§ HOW TO COMPLETE THIS TASK
Reproduce word for word the lines from the beginning of the entries to the line with "Современный дизайн и", both included, but none of the pictures.

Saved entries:
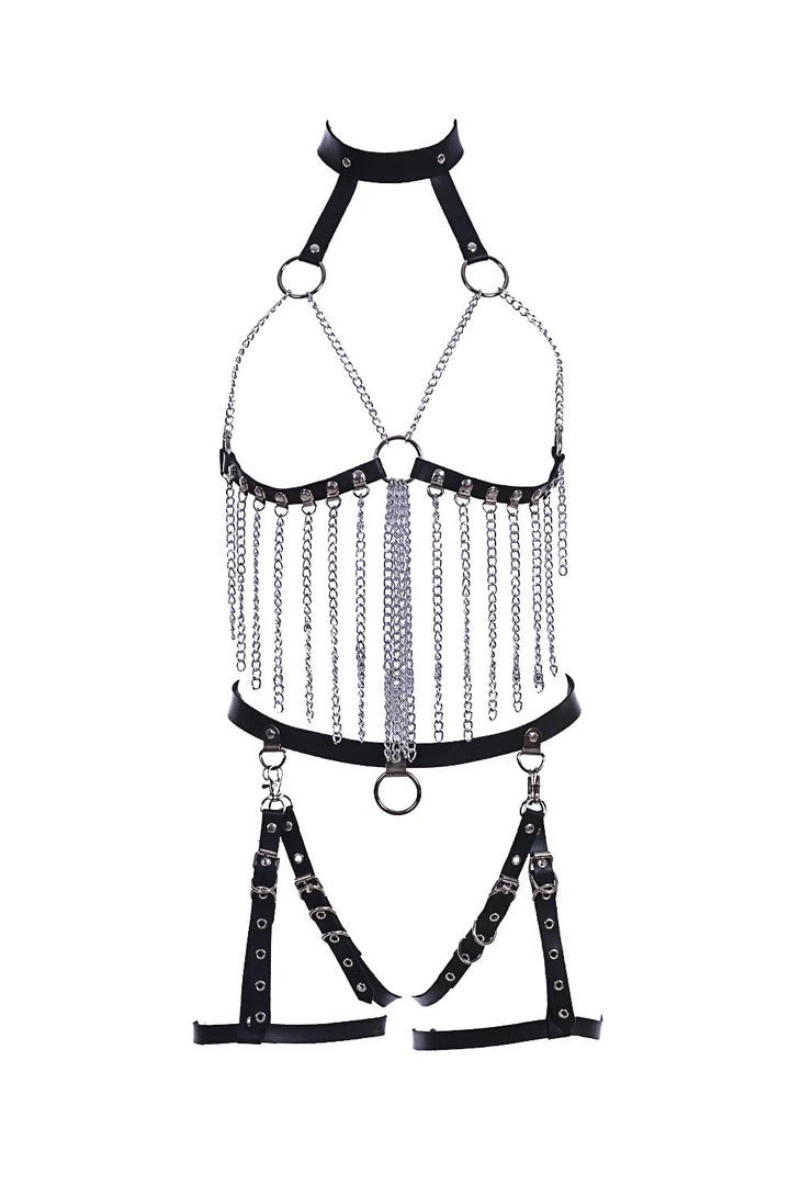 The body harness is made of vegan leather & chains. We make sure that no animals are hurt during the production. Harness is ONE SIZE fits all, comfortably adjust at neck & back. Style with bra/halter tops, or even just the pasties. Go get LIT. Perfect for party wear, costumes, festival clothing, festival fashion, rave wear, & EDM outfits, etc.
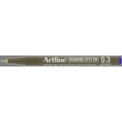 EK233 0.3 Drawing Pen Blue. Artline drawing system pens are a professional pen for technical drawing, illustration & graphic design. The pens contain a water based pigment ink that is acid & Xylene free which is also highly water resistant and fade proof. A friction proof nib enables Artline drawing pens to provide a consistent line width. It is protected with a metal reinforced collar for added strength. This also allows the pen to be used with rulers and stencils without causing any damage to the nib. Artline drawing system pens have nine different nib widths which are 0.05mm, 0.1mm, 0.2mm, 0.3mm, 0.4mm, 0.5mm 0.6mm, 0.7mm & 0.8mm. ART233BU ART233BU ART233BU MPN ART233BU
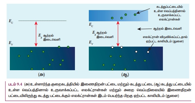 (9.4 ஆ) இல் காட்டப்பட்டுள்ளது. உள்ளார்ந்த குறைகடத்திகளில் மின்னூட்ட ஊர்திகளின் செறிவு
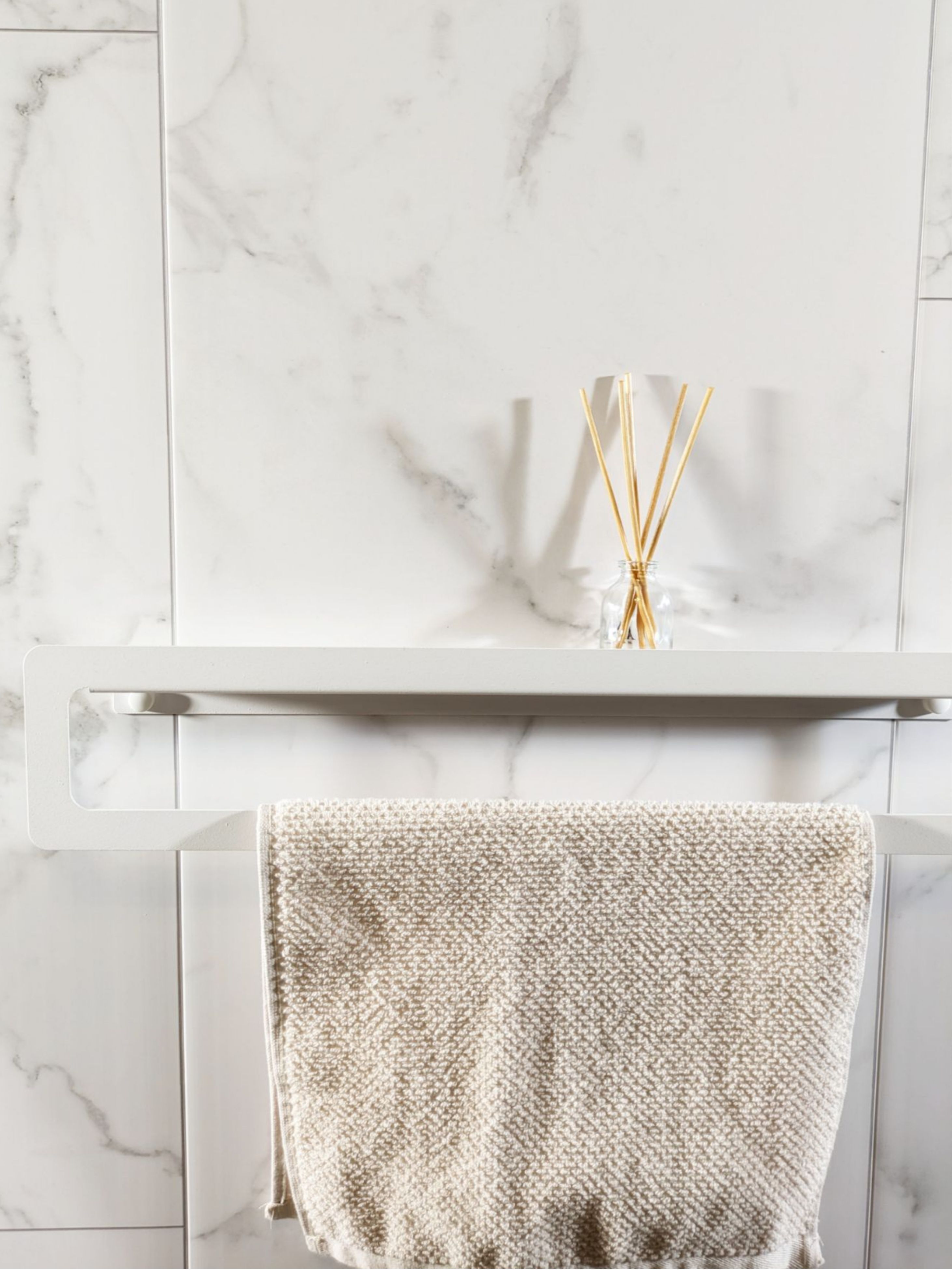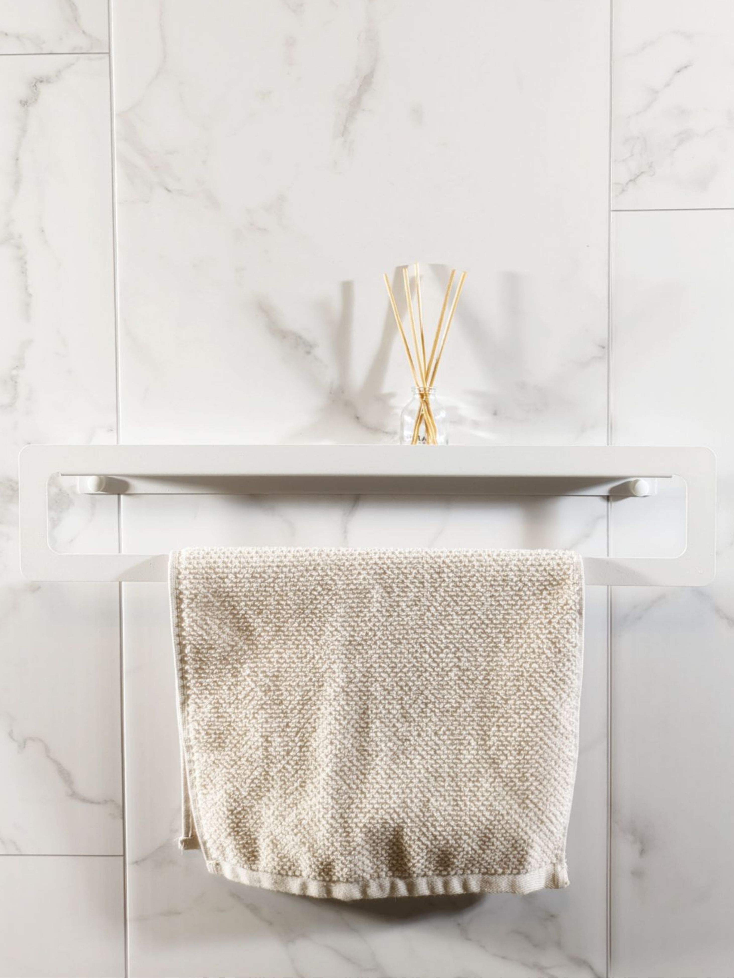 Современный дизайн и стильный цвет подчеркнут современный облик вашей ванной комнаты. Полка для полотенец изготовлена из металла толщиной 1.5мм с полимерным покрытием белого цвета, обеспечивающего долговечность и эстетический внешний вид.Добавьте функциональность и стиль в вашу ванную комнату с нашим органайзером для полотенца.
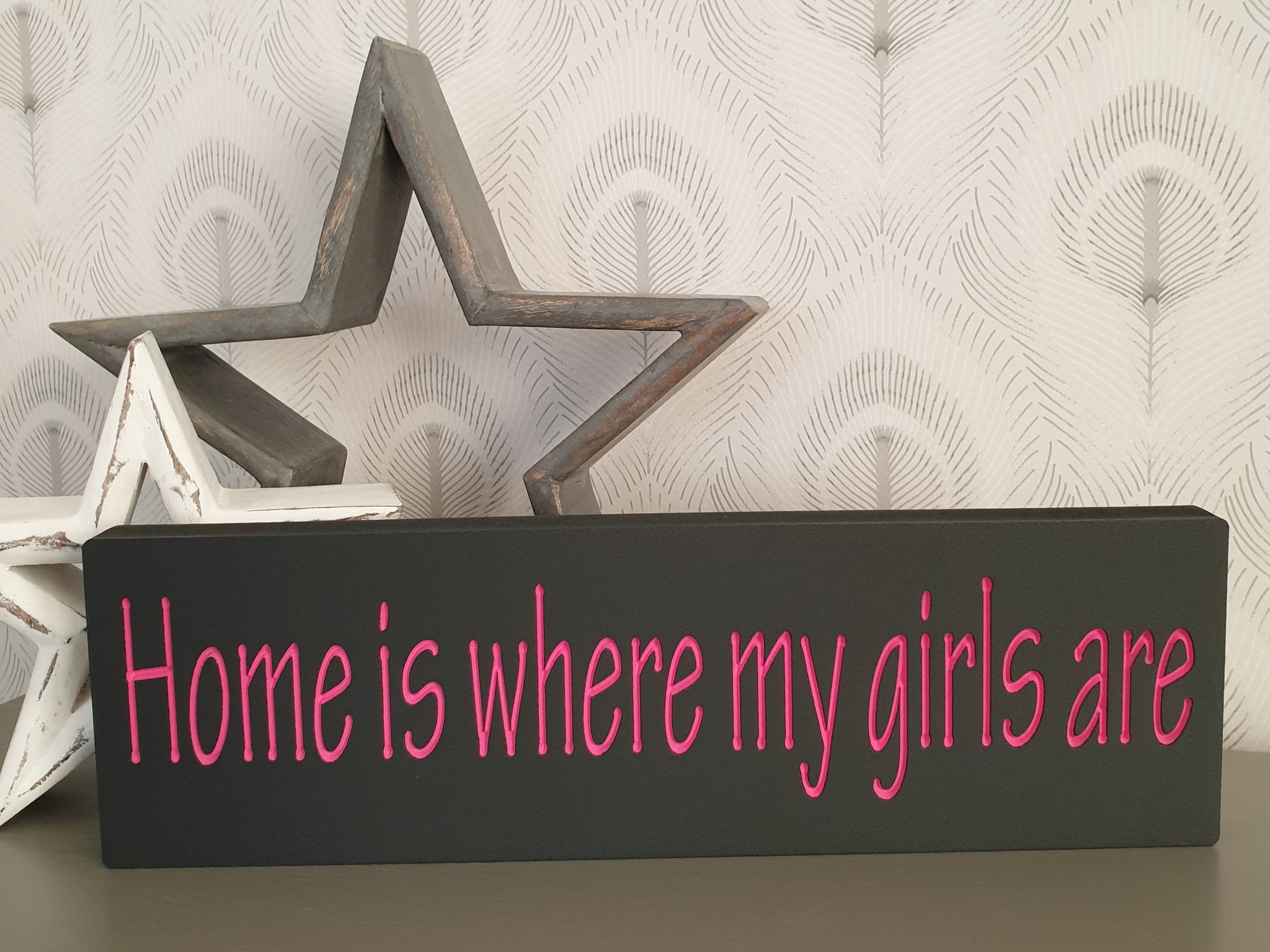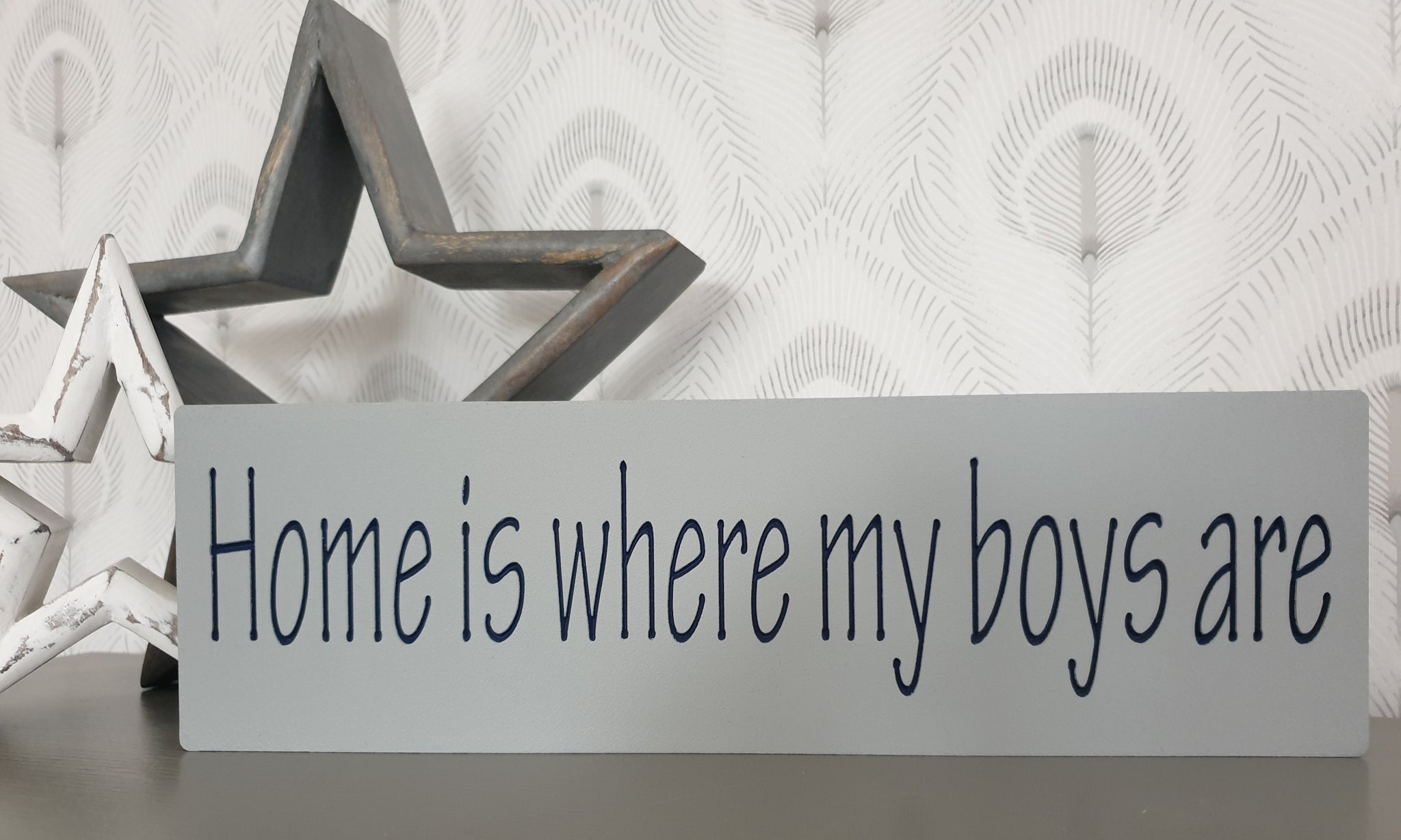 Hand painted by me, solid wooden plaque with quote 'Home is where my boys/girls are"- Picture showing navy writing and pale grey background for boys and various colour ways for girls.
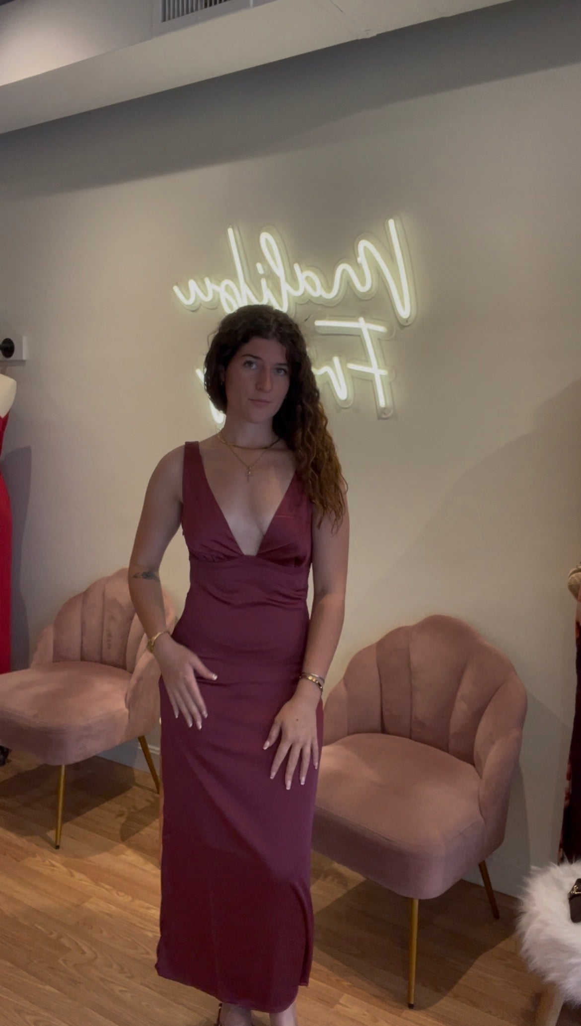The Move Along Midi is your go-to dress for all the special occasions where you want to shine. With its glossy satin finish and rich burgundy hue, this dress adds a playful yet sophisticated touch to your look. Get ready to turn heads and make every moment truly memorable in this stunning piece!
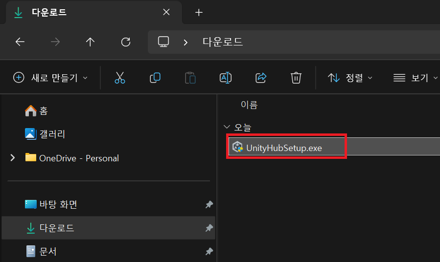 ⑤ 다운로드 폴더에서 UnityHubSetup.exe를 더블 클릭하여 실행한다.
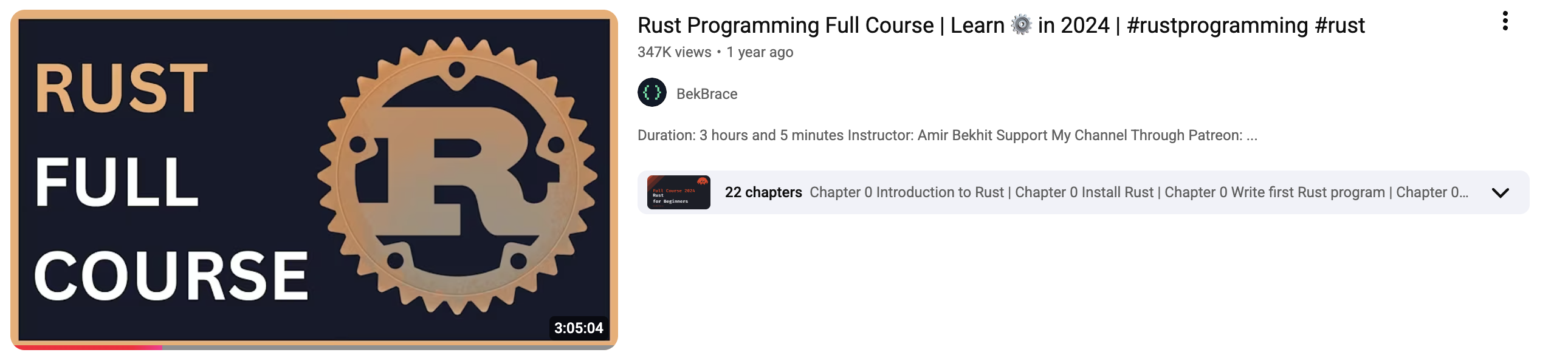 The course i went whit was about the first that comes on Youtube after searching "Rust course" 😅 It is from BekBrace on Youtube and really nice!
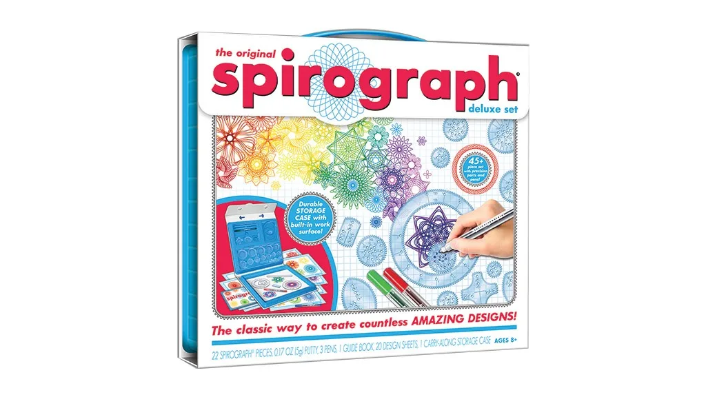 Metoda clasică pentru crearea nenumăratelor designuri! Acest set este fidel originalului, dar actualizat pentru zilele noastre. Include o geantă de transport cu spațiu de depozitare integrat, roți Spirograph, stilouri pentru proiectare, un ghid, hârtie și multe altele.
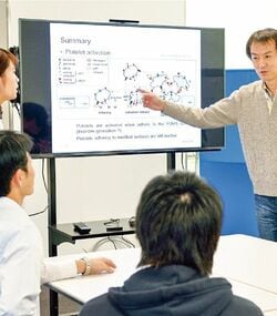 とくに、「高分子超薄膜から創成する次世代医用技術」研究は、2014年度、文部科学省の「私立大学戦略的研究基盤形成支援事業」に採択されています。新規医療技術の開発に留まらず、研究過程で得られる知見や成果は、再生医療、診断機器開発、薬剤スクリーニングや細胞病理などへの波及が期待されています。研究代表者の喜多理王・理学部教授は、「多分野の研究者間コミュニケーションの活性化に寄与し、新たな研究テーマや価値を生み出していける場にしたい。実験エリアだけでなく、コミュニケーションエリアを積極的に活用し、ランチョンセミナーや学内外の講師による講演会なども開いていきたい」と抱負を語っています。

§ ANSWER SECTION
 The body harness is made of vegan leather & chains. We make sure that no animals are hurt during the production. Harness is ONE SIZE fits all, comfortably adjust at neck & back. Style with bra/halter tops, or even just the pasties. Go get LIT. Perfect for party wear, costumes, festival clothing, festival fashion, rave wear, & EDM outfits, etc.
 EK233 0.3 Drawing Pen Blue. Artline drawing system pens are a professional pen for technical drawing, illustration & graphic design. The pens contain a water based pigment ink that is acid & Xylene free which is also highly water resistant and fade proof. A friction proof nib enables Artline drawing pens to provide a consistent line width. It is protected with a metal reinforced collar for added strength. This also allows the pen to be used with rulers and stencils without causing any damage to the nib. Artline drawing system pens have nine different nib widths which are 0.05mm, 0.1mm, 0.2mm, 0.3mm, 0.4mm, 0.5mm 0.6mm, 0.7mm & 0.8mm. ART233BU ART233BU ART233BU MPN ART233BU
 (9.4 ஆ) இல் காட்டப்பட்டுள்ளது. உள்ளார்ந்த குறைகடத்திகளில் மின்னூட்ட ஊர்திகளின் செறிவு
 Современный дизайн и стильный цвет подчеркнут современный облик вашей ванной комнаты. Полка для полотенец изготовлена из металла толщиной 1.5мм с полимерным покрытием белого цвета, обеспечивающего долговечность и эстетический внешний вид.Добавьте функциональность и стиль в вашу ванную комнату с нашим органайзером для полотенца.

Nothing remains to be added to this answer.